Dr. Abiy Ahmed Ali, a former army officer with a doctorate in conflict resolution, was elected first Muslim prime minister of Ethiopia by the country's ruling coalition in April 2018. Soon after making history, 41-year-old Prime Minister Ahmed used his conflict resolution skills to make peace with bitter rival Eritrea. The most important immediate benefit of this deal for landlocked Ethiopia is access to Eritrea's Red Sea ports. Both nations can now focus on developing their economies and reducing poverty to improve the lives of their peoples. Their example should inspire many other developing nations, including India and Pakistan, to reach similar peace deals in the best interest of their peoples.
Prime Minister Abiy Ahmed of Ethipia
Who is Abiy Ahmed?
Abiy Ahmed Ali, born 15 August 1976, is chairman of both the ruling EPRDF (Ethiopian Peoples’ Revolutionary Democratic Front) and the OPDO (Oromo Peoples' Democratic Organization). Abiy is also an elected member of the Ethiopian parliament, and a member of the OPDO and EPRDF executive committees.
Abiy has a bachelor's degree in computer engineering, master's in business administration and PhD in conflict resolution. In 1991 as a teenager, he joined the armed opposition against the Marxist–Leninist regime of Mengistu Haile Mariam. He served in Ethiopia's armed forces as an intelligence officer.
Abiy bridged the religious and ethnic divides to build a new alliance between Oromo and the Amhara regions which together make up two thirds of the total population of 100 million Ethiopians.

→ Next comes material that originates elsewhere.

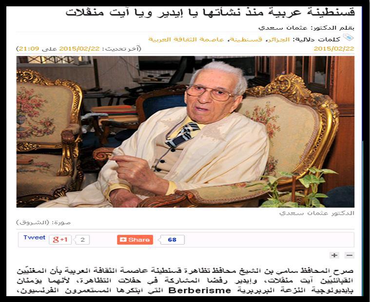 La folie furieuse de cet « intellectuel », et non moins digne représentant de la « splendeur arabe » de l’Etat algérien, a été étalée dans le journal kabylophobe El ChourouK, après que les chanteurs Idir et Ait-Menguellat aient refusé de participer aux festivités de « Constantine capitale de la culture arabe ». Ce journal, de même que son acolyte d’Ennahar, ouvertement racistes, islamistes, pro daechistes, ont coutume de commette des articles insultant vis-à-vis de la langue, la culture et l’identité amazighe, qu’ils jugent insuffisamment « civilisées », tant que celles-ci n’ont pas opéré un total reniement et une parfaite substitution.

Ethiopia's ancient name is Abyssinia. Among the first Muslims to arrive in Ethiopia was the first cousin of Prophet Muhammad (SAW) Jafar ibn Abi Taleb, the elder brother of Ali ibn Abi Taleb, who after accepting Islam escaped the persecution of Makkans in 7th century CE. He led a delegation of over 80 Muslim migrants to Habesha (Ethiopia) who were all granted refuge in the African Kingdom by Christian King Nejashi.
About a third of Ethiopia's population is now Muslim with the rest being mostly Christian.
Among the most prominent early Muslims was a slave named Bilal the Abyssinian or Bilal al-Habashi. Prophet Muhammad's close companion Abu Bakr secured Bilal's freedom from his abusive master. Bilal rose to become a close companion of Prophet Muhammad and the first muezzin of Prophet's mosque (Masjid Nabavi) in Madina. Bilal is now among the world's most popular popular Muslim names.
Eritrea was ruled by the Ottomans from 16th to the 19th century. Then it was colonized by Italians. After World War II Eritrea was annexed by Ethiopia. In 1991 the Eritrean People's Liberation Front defeated the Ethiopian government to gain independence. Eritrea's population of about 5 million is equally divided between Christians (Orthodox Church, Roman Catholic and Lutheran protestants) and Muslims. The population of the high plateau (Asmara) is predominantly Christian, whereas that of the lowlands and the coastal region are predominantly Muslim.
The Eritrean People's Liberation Front fought and defeated the Ethiopian military to gain independence in 1991. There was brief period of peace between the two until 1998 when war broke out over disputed territory of Badme.
Conflict between the two neighbors in the Horn of Africa lasted 20 years and claimed 70,000 lives. It was over the territory of Badme which is still held by Ethiopia. Under the peace deal reached Prime Minister Abiy Ahmed Ali of Ethiopia and President Isaias Afwerki of Eritrea, Ethiopia accepted Eritrean sovereignty over Badme and agreed to a plan to withdraw from the region.
Currently, landlocked Ethiopia relies on Djibouti ports for trade. Addis Ababa is connected by a 750 kilometer long railway line with the ports in Djibouti. The peace deal opens the way for Ethiopia to gain access to Eritrean Red Sea ports which are much closer to Ethiopia.
Ethiopia has recently made history by electing its first Muslim leader, Prime Minister Dr. Abiy Ahmed Ali. Soon after making history, the 41-year-old Prime Minister used his conflict resolution skills to make peace with bitter rival Eritrea. The most important immediate benefit of this deal for landlocked Ethiopia is access to Eritrea's Red Sea ports. Both nations can now focus on developing their economies and reducing poverty to improve the lives of their peoples. Their example should inspire many other developing nations, including India and Pakistan, to reach similar peace deals in the best interest of their peoples.